━━ DATA PROVIDED
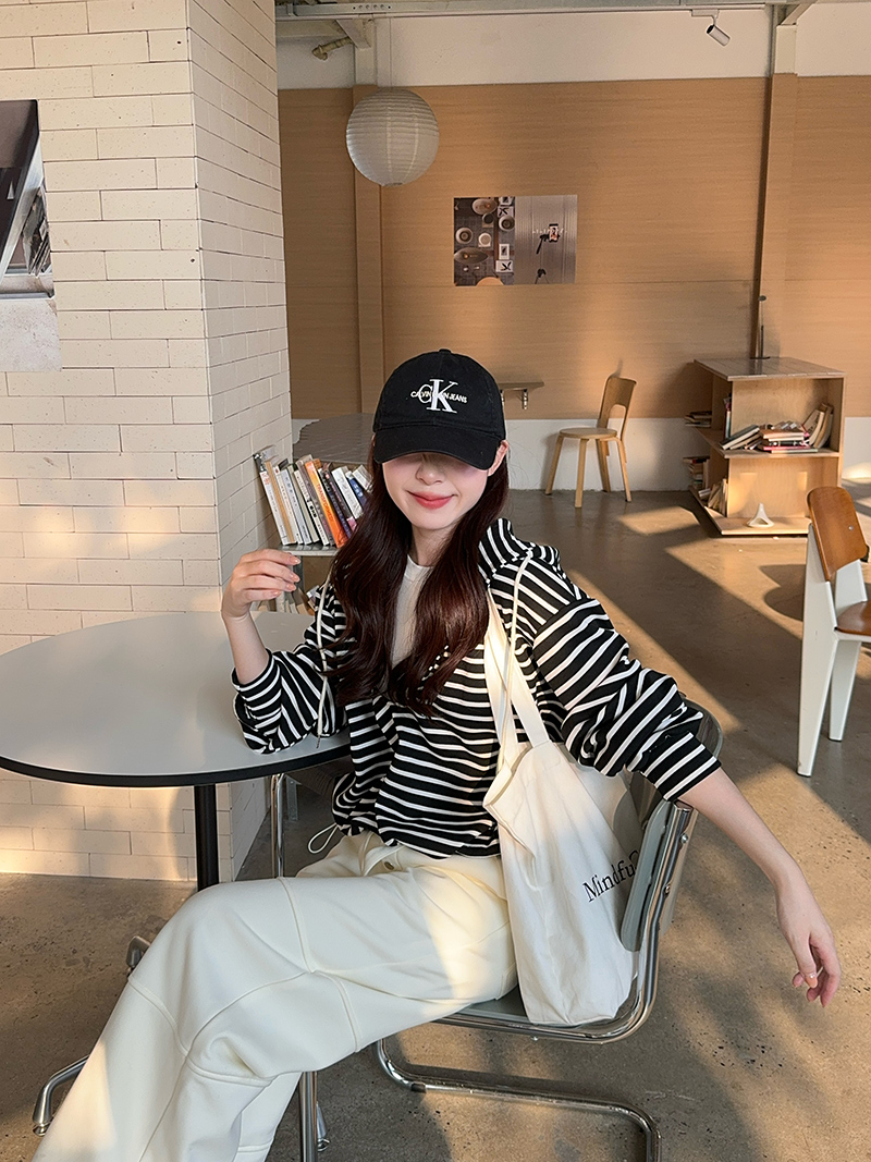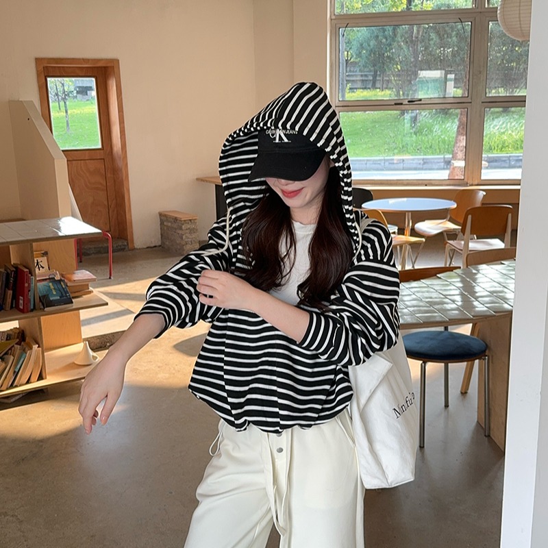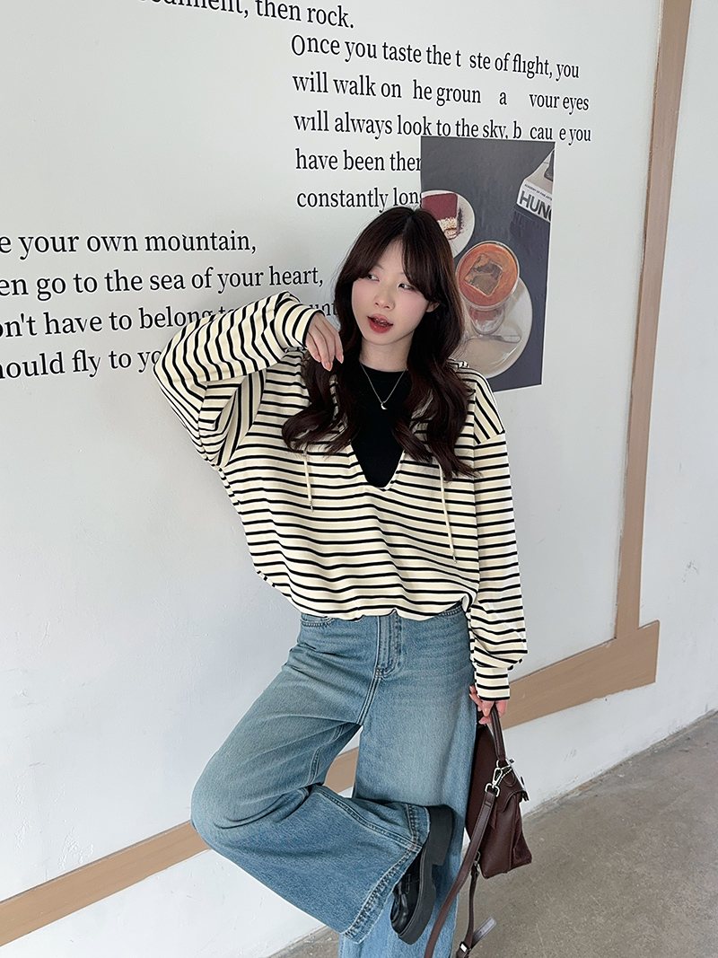FA48235# 大码女装卫衣秋季薄款潮新款假两件条纹连帽宽松韩版上衣 服裝批發女裝批發服飾貨源
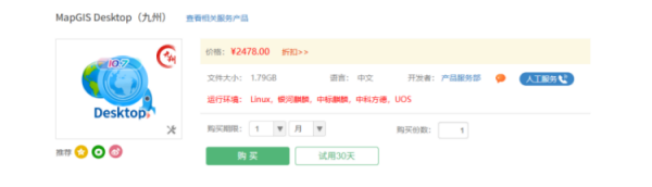 2. 在“云交易中心”选择 MapGIS Desktop(九州) 产品,点击“购买”;
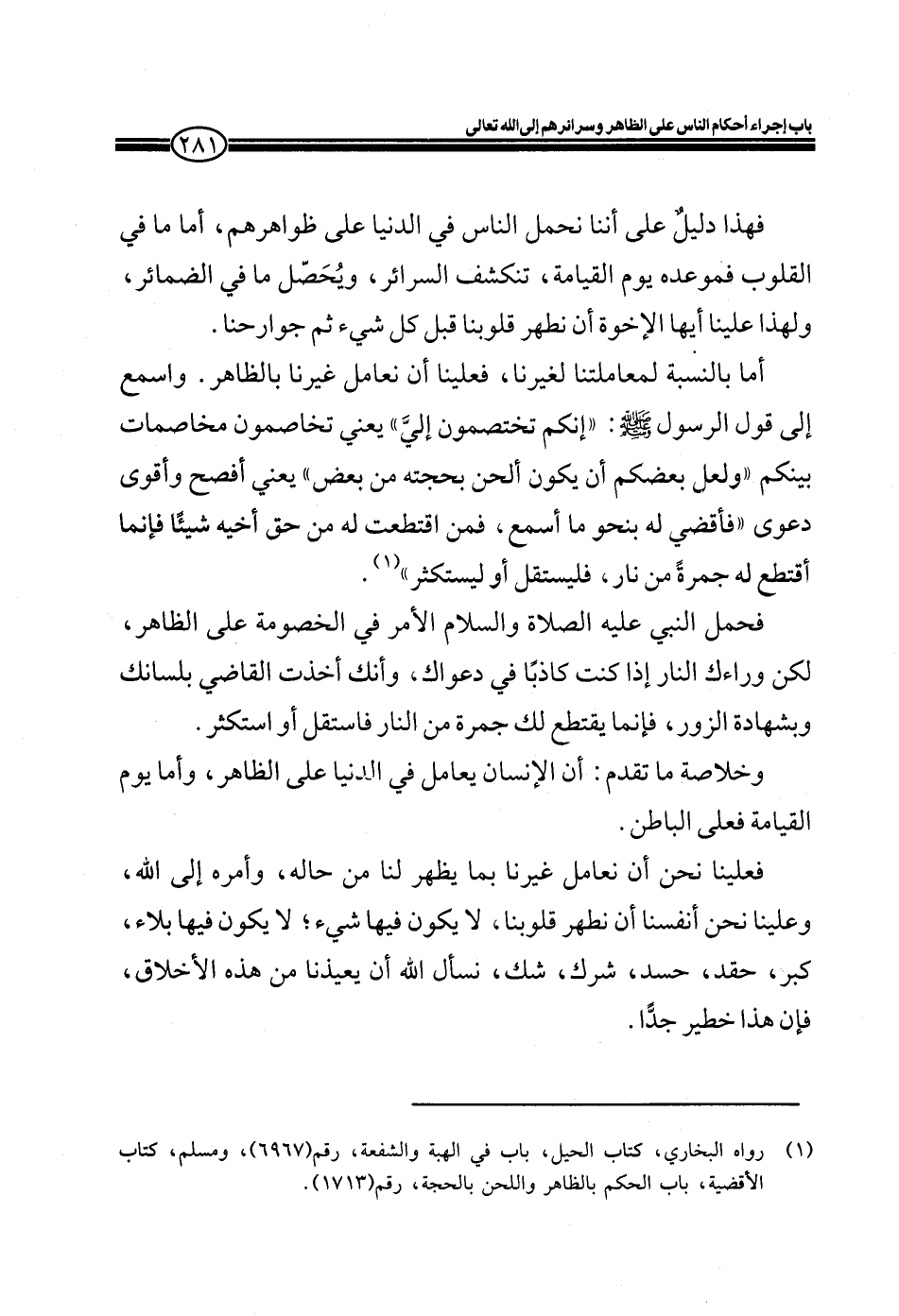 أما بالنسبة لمعاملتنا لغيرنا، فعلينا أن نعامل غيرنا بالظاهر. واسمع إلى قول الرسول صلى الله عليه وسلم: ((إنكم تختصمون إلىّ)) يعني تخاصمون مخاصمات بينكم ((ولعل يعضكم أن يكون ألحن بحجته من بعض)) يعني أفصح وأقوى دعوى ((فأقضي له بنحو ما أسمع، فمن اقتطعت له من حق أخيه شيئاً فإنما أقتطع له جمرة من نار، فليستقل أو ليستكثر)) .
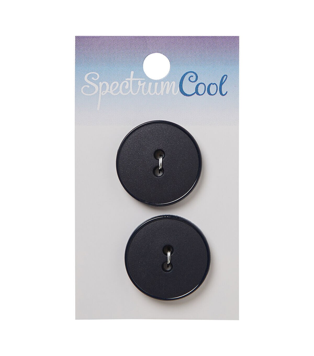 The Spectrum Cool Navy Blue Round 2 Hole Buttons are an essential addition to your sewing supplies. These buttons are perfect to replace broken buttons in shirts and polo t-shirts. You can also mix and match them with other colorful buttons, sold separately, to make visually appealing art and craft projects. This pack contains two sew-through buttons in a navy blue shade.
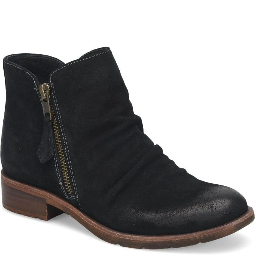 Two-toned leathers and soft suedes don`t scream weather-friendly but the Bassetts are. Waterproof-treated leathers and suedes will keep your feet dry all day long. Features zipper with matching leather pull, heel/arch support and a cushioned footbed at ball of foot. Lightweight and nonslip TPR outsole with a short heel height of 1 1/2 inches.
━━━━
THE PROBLEM :: Hand back the data exactly as it appears, with all pictures cut.

ANSWER TO THIS EXERCISE ::
FA48235# 大码女装卫衣秋季薄款潮新款假两件条纹连帽宽松韩版上衣 服裝批發女裝批發服飾貨源
 2. 在“云交易中心”选择 MapGIS Desktop(九州) 产品,点击“购买”;
 أما بالنسبة لمعاملتنا لغيرنا، فعلينا أن نعامل غيرنا بالظاهر. واسمع إلى قول الرسول صلى الله عليه وسلم: ((إنكم تختصمون إلىّ)) يعني تخاصمون مخاصمات بينكم ((ولعل يعضكم أن يكون ألحن بحجته من بعض)) يعني أفصح وأقوى دعوى ((فأقضي له بنحو ما أسمع، فمن اقتطعت له من حق أخيه شيئاً فإنما أقتطع له جمرة من نار، فليستقل أو ليستكثر)) .
 The Spectrum Cool Navy Blue Round 2 Hole Buttons are an essential addition to your sewing supplies. These buttons are perfect to replace broken buttons in shirts and polo t-shirts. You can also mix and match them with other colorful buttons, sold separately, to make visually appealing art and craft projects. This pack contains two sew-through buttons in a navy blue shade.
 Two-toned leathers and soft suedes don`t scream weather-friendly but the Bassetts are. Waterproof-treated leathers and suedes will keep your feet dry all day long. Features zipper with matching leather pull, heel/arch support and a cushioned footbed at ball of foot. Lightweight and nonslip TPR outsole with a short heel height of 1 1/2 inches.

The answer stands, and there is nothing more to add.